● **What you are asked to do**: Repeat the data below in full. Pictures must not be part of the copy.

── Raw data ──

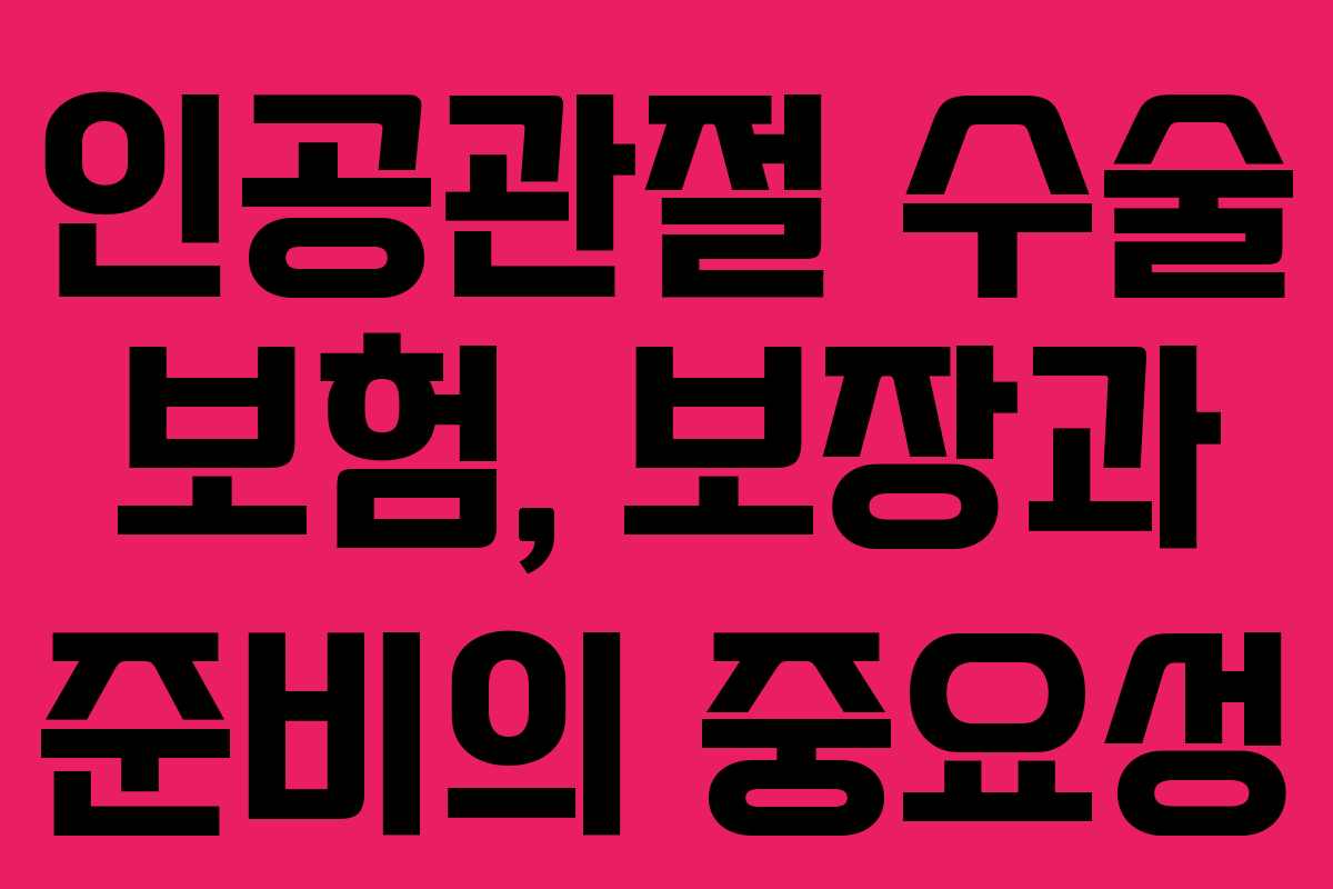 인공관절 수술은 많은 노인들에게 도움이 되는 치료법으로, 관절 통증을 완화하고 삶의 질을 높이는 데 기여합니다. 그러나 수술 비용이 상당하여 보험의 보장 여부가 매우 중요합니다. 보험에 가입할 때에는 여러 가지 기준과 조건을 확인해야 하며, 이를 통해 나중에 발생할 수 있는 문제를 예방할 수 있습니다. 본 글에서는 인공관절 수술 보험에 대한 주요 정보와 준비사항을 설명하겠습니다.
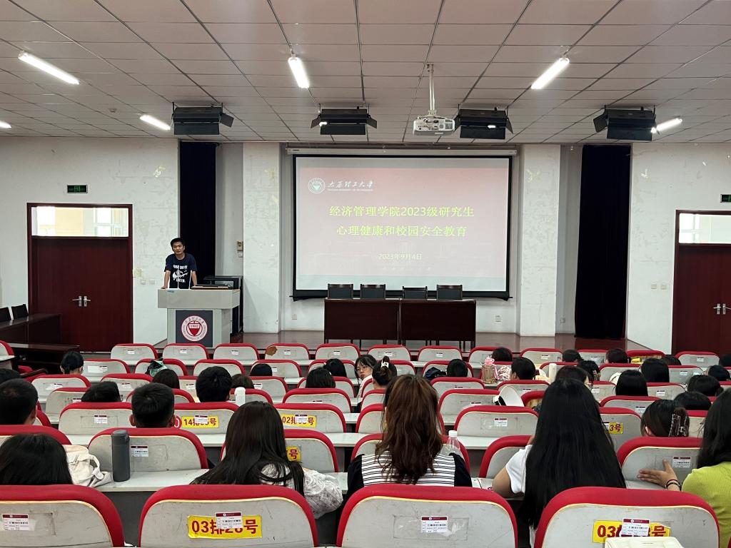 栗继祖围绕校史院情进行了爱校荣校教育,向新生介绍了学校、学院的历史沿革、发展成就、社会贡献、杰出校友、学校学院高质量发展目标等,增强研究生的认同感、归属感和集体荣誉感,激发研究生的学习动力与科研积极性。
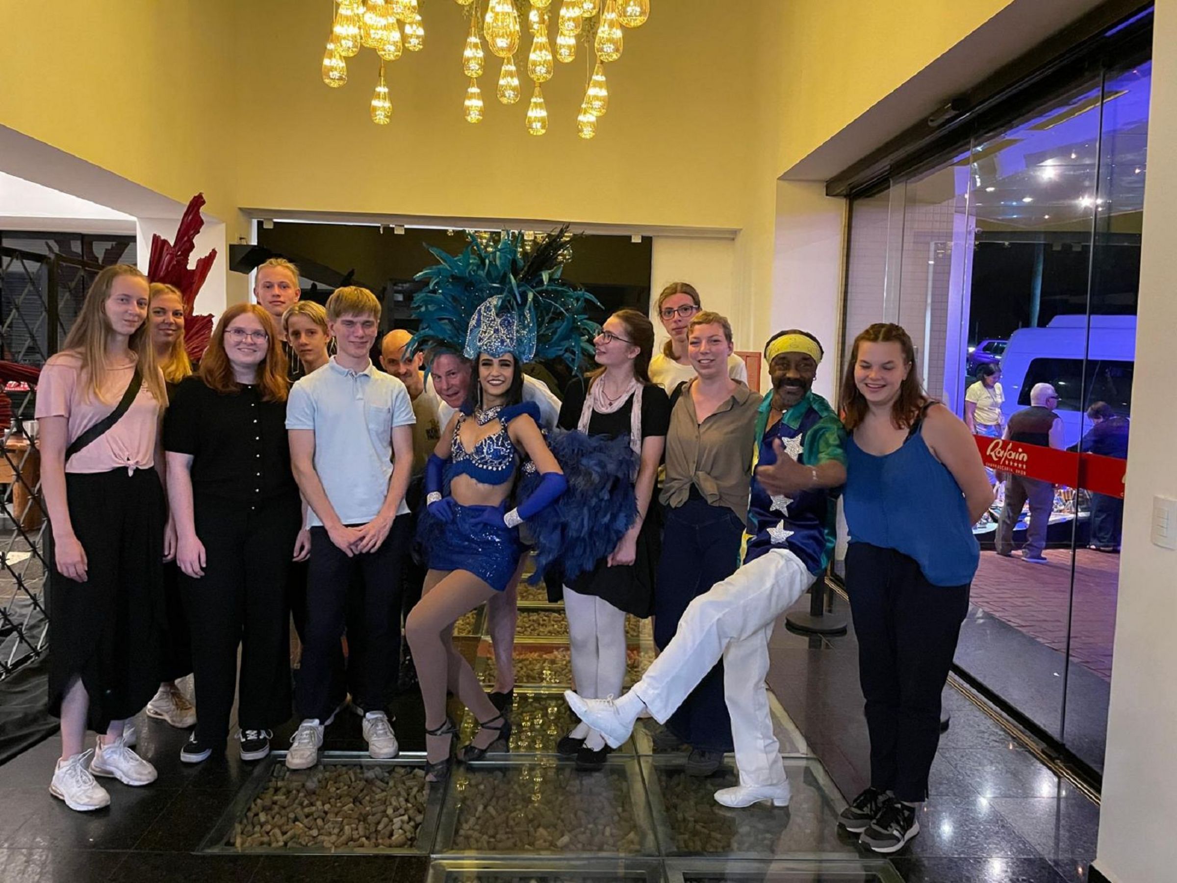 Bis um 18 Uhr blieb noch reichlich Zeit um mit den Eltern zu telefonieren, zu Schlafen oder sich hübsch zumachen für die südamerikanische Show am Abend. Vorher ging es aber zum wiederholten Mal über die brasilianische Grenze zum fünf Sterne Restaurant, wo die Show „Rafrain“ stattfinden sollte. Vorher gab es ein sehr vielfältiges Buffet, wo man sich ohne Grenzen bedienen konnte. Großen Anklang fand das vor Ort gegrillte Fleisch und das Eis. Um 20:30 Uhr begann die fröhlich, bunte, vielfältige und auch sehr laute Show. Die Künstler gaben lateinamerikanische Tänze und kreative Darbietungen in schrillen, bunten und schönen Kleidern zum Besten. Als um kurz nach zehn die Show endete schlafwandelten manche schon fast in den Bus. Ein langer, aber wunderschön und überwältigter Tag endete für alle um elf in den weichen Kissen der Betten.

───

● **Finished task**:
 인공관절 수술은 많은 노인들에게 도움이 되는 치료법으로, 관절 통증을 완화하고 삶의 질을 높이는 데 기여합니다. 그러나 수술 비용이 상당하여 보험의 보장 여부가 매우 중요합니다. 보험에 가입할 때에는 여러 가지 기준과 조건을 확인해야 하며, 이를 통해 나중에 발생할 수 있는 문제를 예방할 수 있습니다. 본 글에서는 인공관절 수술 보험에 대한 주요 정보와 준비사항을 설명하겠습니다.
 栗继祖围绕校史院情进行了爱校荣校教育,向新生介绍了学校、学院的历史沿革、发展成就、社会贡献、杰出校友、学校学院高质量发展目标等,增强研究生的认同感、归属感和集体荣誉感,激发研究生的学习动力与科研积极性。
 Bis um 18 Uhr blieb noch reichlich Zeit um mit den Eltern zu telefonieren, zu Schlafen oder sich hübsch zumachen für die südamerikanische Show am Abend. Vorher ging es aber zum wiederholten Mal über die brasilianische Grenze zum fünf Sterne Restaurant, wo die Show „Rafrain“ stattfinden sollte. Vorher gab es ein sehr vielfältiges Buffet, wo man sich ohne Grenzen bedienen konnte. Großen Anklang fand das vor Ort gegrillte Fleisch und das Eis. Um 20:30 Uhr begann die fröhlich, bunte, vielfältige und auch sehr laute Show. Die Künstler gaben lateinamerikanische Tänze und kreative Darbietungen in schrillen, bunten und schönen Kleidern zum Besten. Als um kurz nach zehn die Show endete schlafwandelten manche schon fast in den Bus. Ein langer, aber wunderschön und überwältigter Tag endete für alle um elf in den weichen Kissen der Betten.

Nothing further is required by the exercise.